Connectomics is the field of neuroscience dedicated to studying brain connectivity, i.e. the complex network of connections in brain's white matter between distinct gray-matter areas. In this context, diffusion magnetic resonance imaging (MRI) is a key modality for its ability to estimate noninvasively the pathways of these connections using so-called tractography algorithms. Tractography can be used to study brain connectivity in vivo, for instance to continuously monitor the progress of neurodegenerative diseases. Despite this unique and compelling ability, recent studies have pointed out that the reconstructions may not reflect accurately the underlying anatomy, raising serious concerns about accuracy and biological interpretability of this technique.

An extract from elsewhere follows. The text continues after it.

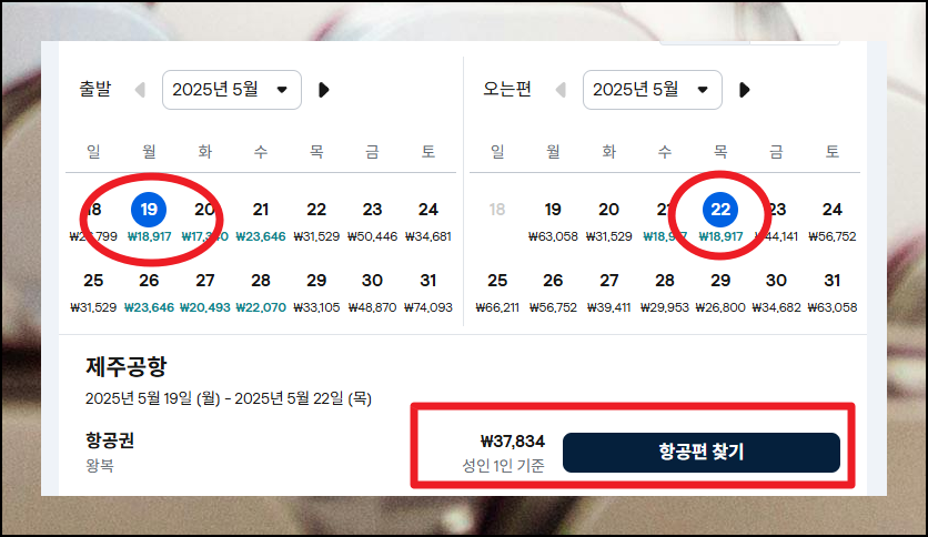제주도를 도착지로 선택한 후, '날짜 조정 가능' 옵션으로 가는 날과 오는 날을 설정하세요. 이렇게 하면 날짜별 예매 요금에 대한 차이를 한눈에 살펴볼 수 있어요. 비행기표는 날짜에 따라 금액이 크게 달라지므로 이 과정이 매우 중요합니다.

Several solutions have been proposed to overcome this issue by complementing tractography with additional information about the microstructural environment of the neuronal tissue. In particular, the Convex Optimization Modeling for Microstructure Informed Tractography assumes invariance of the microstructural properties along the pathways and uses this prior in an efficient formulation to get more robust estimates of both trajectories and microstructural parameters of the connections. A recent evolution of this framework allows considering additional anatomical priors on the axonal bundles. Although the potential of this new formulation has not been fully exploited yet, we strongly believe this possibility may open the door to dramatically improve the accuracy of the reconstructions. Promising avenues include myelin metrics, derived e.g. from quantitative susceptibility acquisitions, as well as functional connectivity priors, derived e.g. from functional MRI, as these modalities provide complementary information on the bundles.

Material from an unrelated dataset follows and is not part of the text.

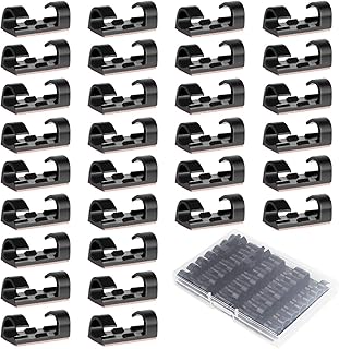 URAQT 30Pcs Clips Câbles Adhésives, Rangements de câbles, Premium Adhésif 3M Serre-Câble, Câbles de Charge, Câbles Audio, Supprot Fils Electriques pour TV/Chargeur/Voiture/Bureau (Noir)

We propose an innovative and effective linking of myelin and functional information to existing structural connectivity analyses for significantly improving the anatomical accuracy and biological interpretability of connectivity estimates. The overarching objectives of this project are: a) to develop automated tools that accurately delineate white-matter pathways and quantitatively characterize their microstructure, b) to optimize a multicentric advanced structural and functional neuroimaging protocol with clinical feasible acquisitions, and c) to validate our richer connectomics framework in a cohort of healthy volunteers for assessing its effectiveness. Our central hypothesis is that the integration of complementary structural and functional descriptors can improve not only the accuracy of white matter bundle reconstructions but also their clinical sensitivity, potentially leading to novel markers for neurodegenerative diseases. In fact, our long-term goal is to bring to clinical neurology a novel multimodal connectomics framework with increased sensitivity and accuracy to enable, in the future, non-invasive quantitative studies of axonal damage and reorganization.